E.g. \u180e was whitespace character only in Unicode <6.3.0.
http://www.unicode.org/versions/Unicode6.3.0/ :
"The General_Category property value of U+180E MONGOLIAN VOWEL SEPARATOR has been changed from Zs to Cf. The values of other related properties such as Bidi_Class, White_Space, and Other_Default_Ignorable_Code_Point have been updated accordingly."

$ python3.3 -c 'import unicodedata; print(unicodedata.unidata_version)'
6.1.0
$ python3.4 -c 'import unicodedata; print(unicodedata.unidata_version)'
6.3.0
$ python3.3 -c 'import unicodedata; print((unicodedata.name("\u180e"), unicodedata.category("\u180e")))'
('MONGOLIAN VOWEL SEPARATOR', 'Zs')
$ python3.4 -c 'import unicodedata; print((unicodedata.name("\u180e"), unicodedata.category("\u180e")))'
('MONGOLIAN VOWEL SEPARATOR', 'Cf')
$ python3.3 -c 'import re; print(re.match(r"\s", "\u180e", re.UNICODE))'
<_sre.SRE_Match object at 0x7f6f51bf31d0>
$ python3.4 -c 'import re; print(re.match(r"\s", "\u180e", re.UNICODE))'
None
$
Comment 2 SpanKY gentoo-dev 2015-10-15 15:00:33 UTC
(In reply to Arfrever Frehtes Taifersar Arahesis from comment #1)

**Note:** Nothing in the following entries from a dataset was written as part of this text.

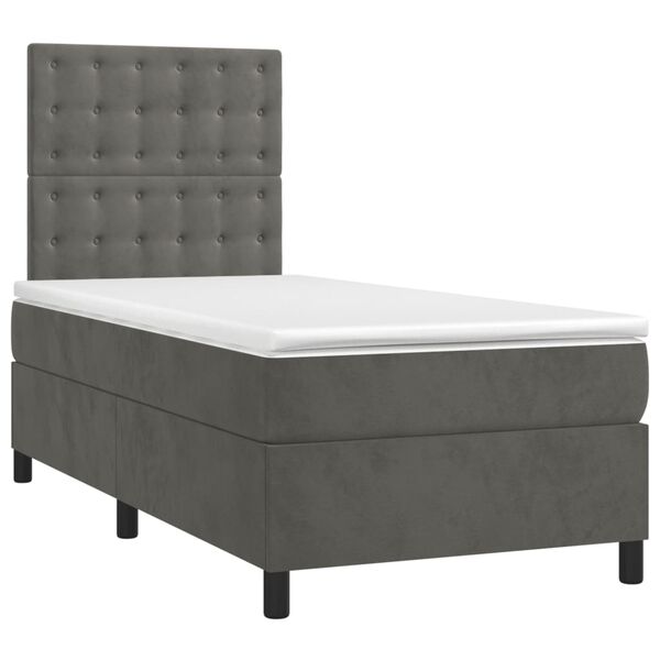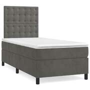 Dark Grey Velvet Box Spring Bed Pocket Spring Mattress King Single with Topper
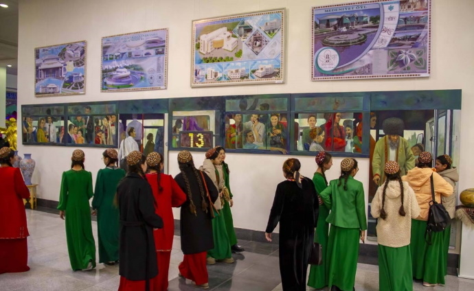 В Государственной Академии художеств Туркменистана проходит отчетная выставка работ студентов и преподавателей вуза. Об этом сообщает электронная газета «Туркменистан: Золотой век». На картинах художников запечатлены сцены из жизни Академии, лица преподавателей и студентов, известных деятелей искусств. Самой примечательной работой является «Остановка» Айны Атамурадовой, изображающая один из городских автобусов с пассажирами в натуральную величину. В качестве некоторых моделей для картины ее автору послужили сами студенты, обучающиеся в вузе и приезжающие на учебу именно на этом транспорте. Экспонаты выставки выполнены в жанрах плаката, натюрморта, панно. Представлены также украшения для лошадей, туркменские ковры, книги, посвященные творчеству туркменских художников. В рамках мероприятия состоялся показ коллекции одежды дизайнера Дженнет Агаевой. Модели, выполненные из бархата и шелка и богато украшенные ручной национальной вышивкой, привлекли всеобщее внимание.
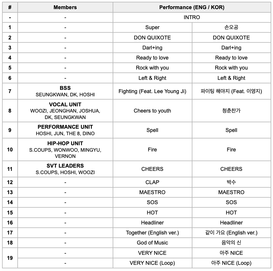 Luego, la actuación cambió a un ambiente más ameno con canciones como “Darl+ing”, “Ready to love” y “Rock with you”, que exudaban una vibra refrescante perfecta para la tarde de principios de otoño, mientras la multitud movía al ritmo de la música. Los fans también pudieron disfrutar del diverso espectro musical de SEVENTEEN a través de las presentaciones por unidad, incluyendo “Fighting (Feat. Lee Young Ji)” de BSS, “Cheers to youth” de la unidad vocal, “Spell” de la unidad de performance, “Fire” de la unidad de hip-hop y “CHEERS” de SVT LEADERS.
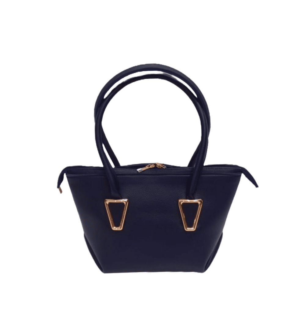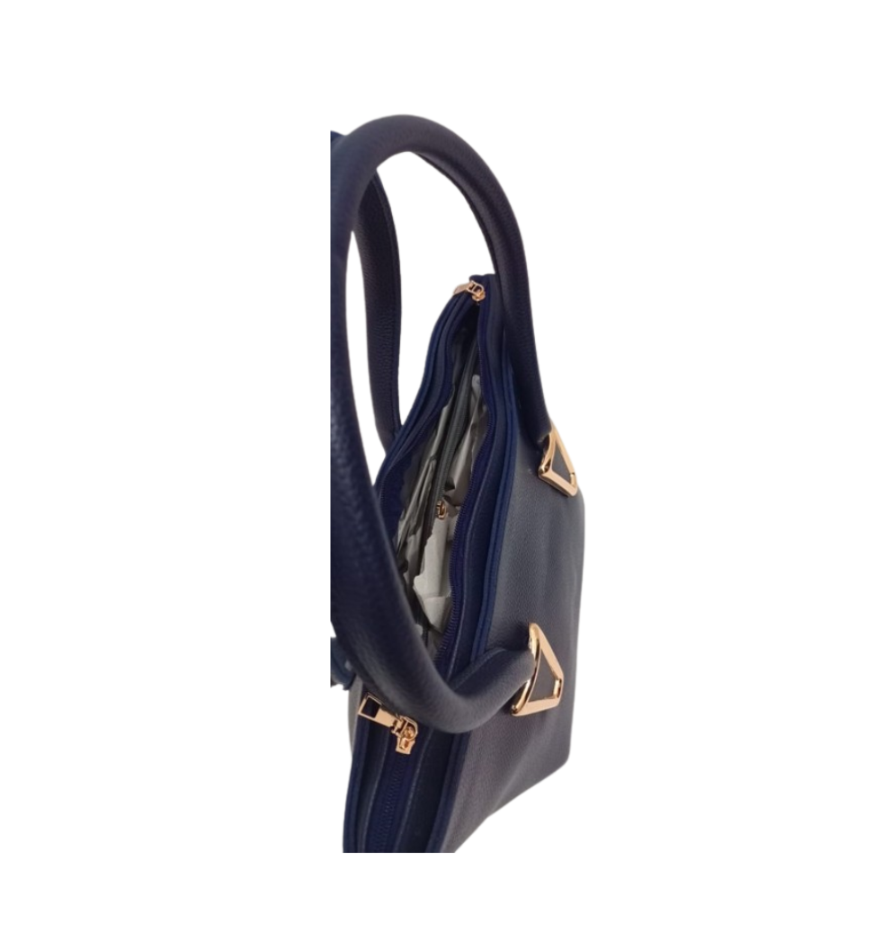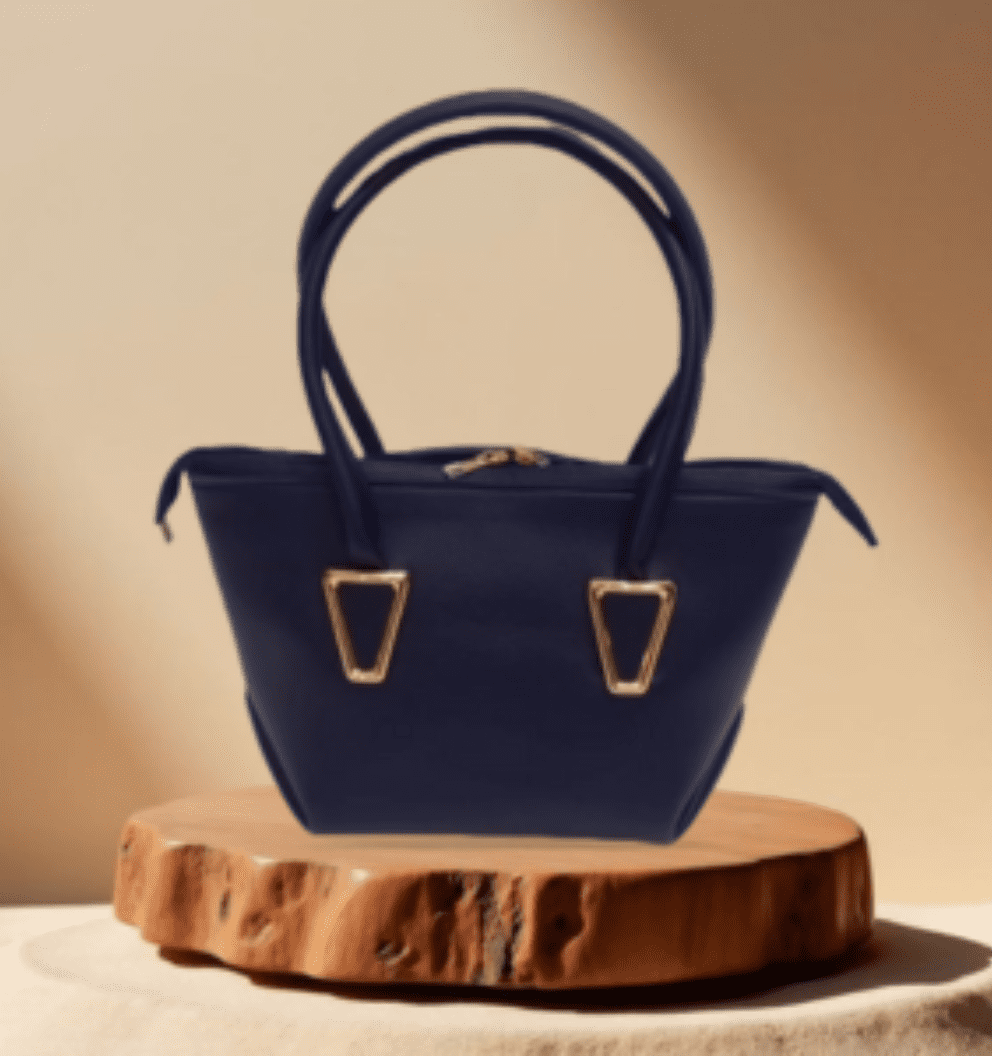 Enhance your everyday style with this elegant navy blue premium PU leather handbag, crafted for the modern woman who values both fashion and function. Made from high-quality artificial leather, this handbag offers a refined texture, smooth finish, and lasting durability. The classic structured shape is highlighted by gold-tone triangular handle accents, adding a touch of sophistication to your look.
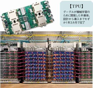 多くの人がグーグルのAIを活用すればデータセンターへの負荷は大きくなるため、処理能力を高めることが必須だ。グーグルは高速で消費電力の低いAI用半導体、「TPU(テンサー・プロセッシング・ユニット)」を独自に開発した。
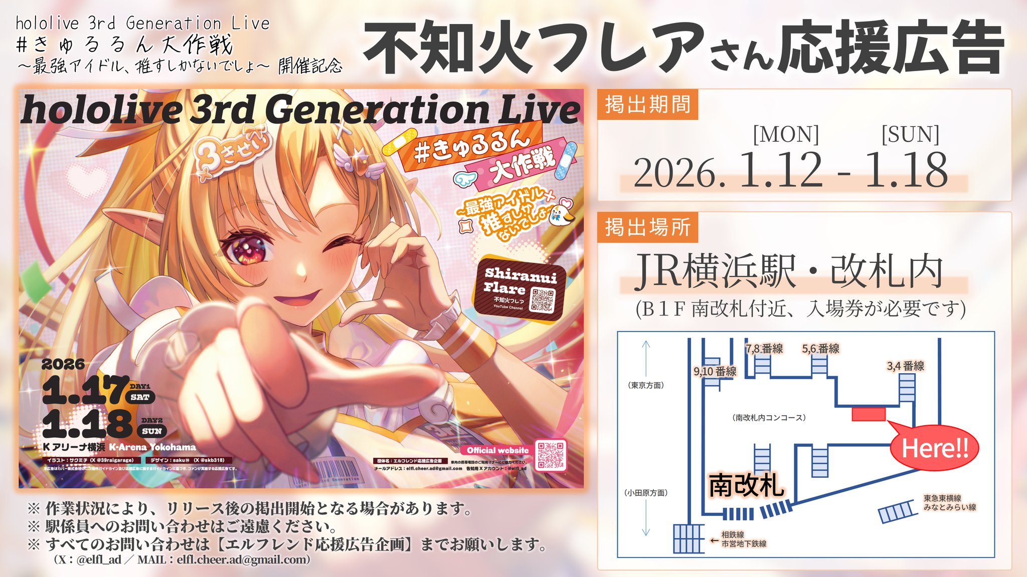 | … | 10無題Name名無し 26/01/12(月)19:30:44No.11369792そうだねx1 1768213844649.jpg-(439105 B) 横浜駅に有志エルフレの広告が出てるらしい |
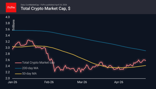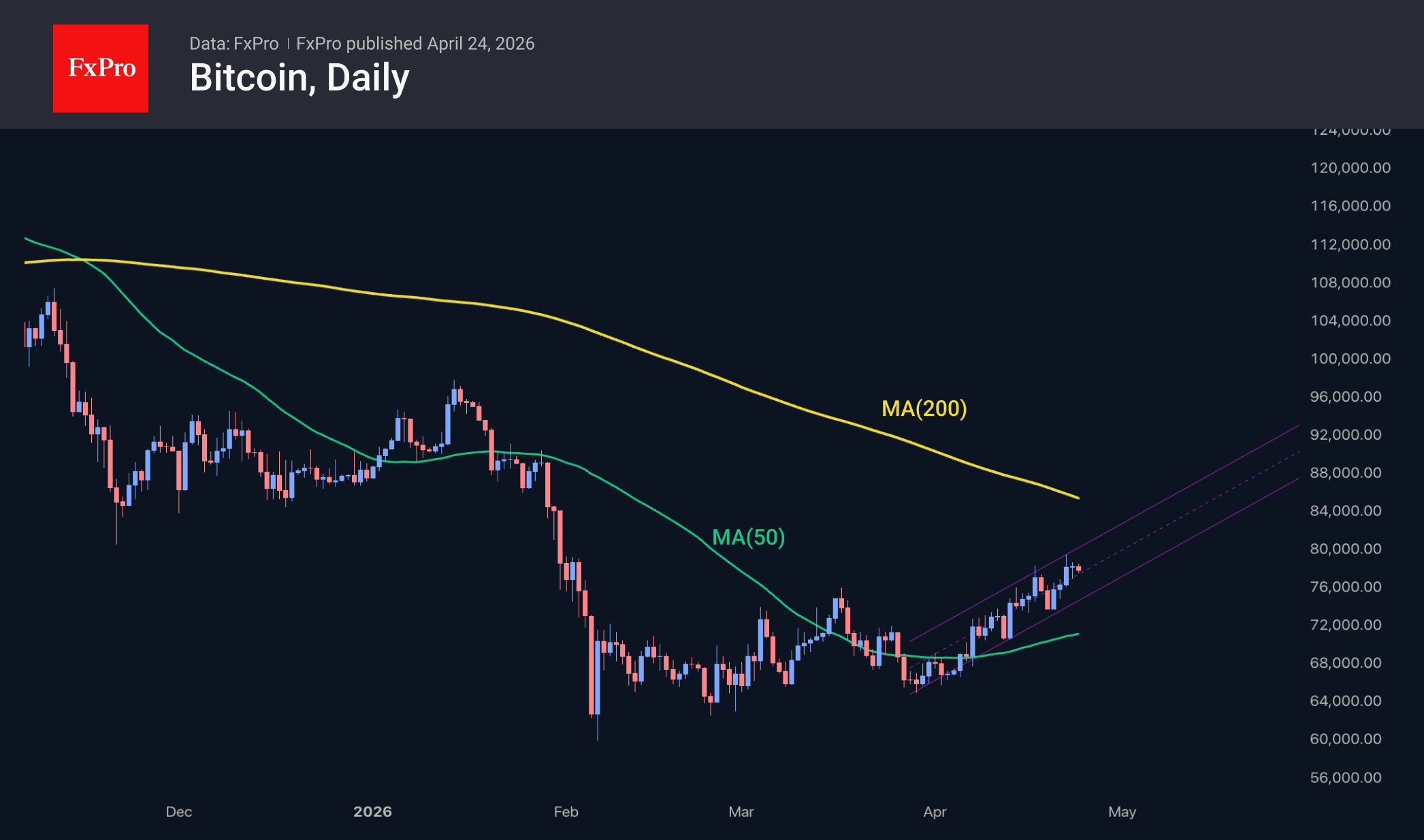 Bitcoin continues to consolidate around $78K. Attempts to push prices below $77K have met with confident buying. The leading cryptocurrency remains in an uptrend that began in early April, with fairly active buying on dips, and the price is currently roughly in the middle of this channel, which ranges from $75.6K to $80.5K. If this pace continues, it will take just over two weeks to reach the 200-day moving average, but we expect to see an acceleration in growth soon, along with more intense fluctuations in key indicators of the long-term trend.

i don't think it's worth the hassle, especially considering:
 - they have yet to show up in the tree in any valid use (and there have been
   multiple invalid uses as i showed in that commit)
 - Gentoo requires english messages in ebuilds/eclasses (ignoring translations
   in metadata.xml, but we aren't talking about that here)
 - rejecting ebuilds from the main tree/official overlays doesn't preclude
   people from putting them in their own overlays and ignoring the errors
Comment 3 Tim Harder gentoo-dev 2019-12-03 02:17:38 UTC
For anyone interested in the check and not the repoman-specific implementation, it's now available in pkgcheck [1] and should show up in CI as the keyword result "BadWhitespaceCharacter" after the next release.

[1]: https://github.com/pkgcore/pkgcheck/commit/81f97bf1
Comment 4 Sam James archtester Gentoo Infrastructure gentoo-dev Security 2022-07-12 03:18:14 UTC
repoman support has been removed per bug 835013.

Please file a new bug (or, I suppose, reopen this one) if you feel this check is still applicable to pkgcheck and doesn't already exist.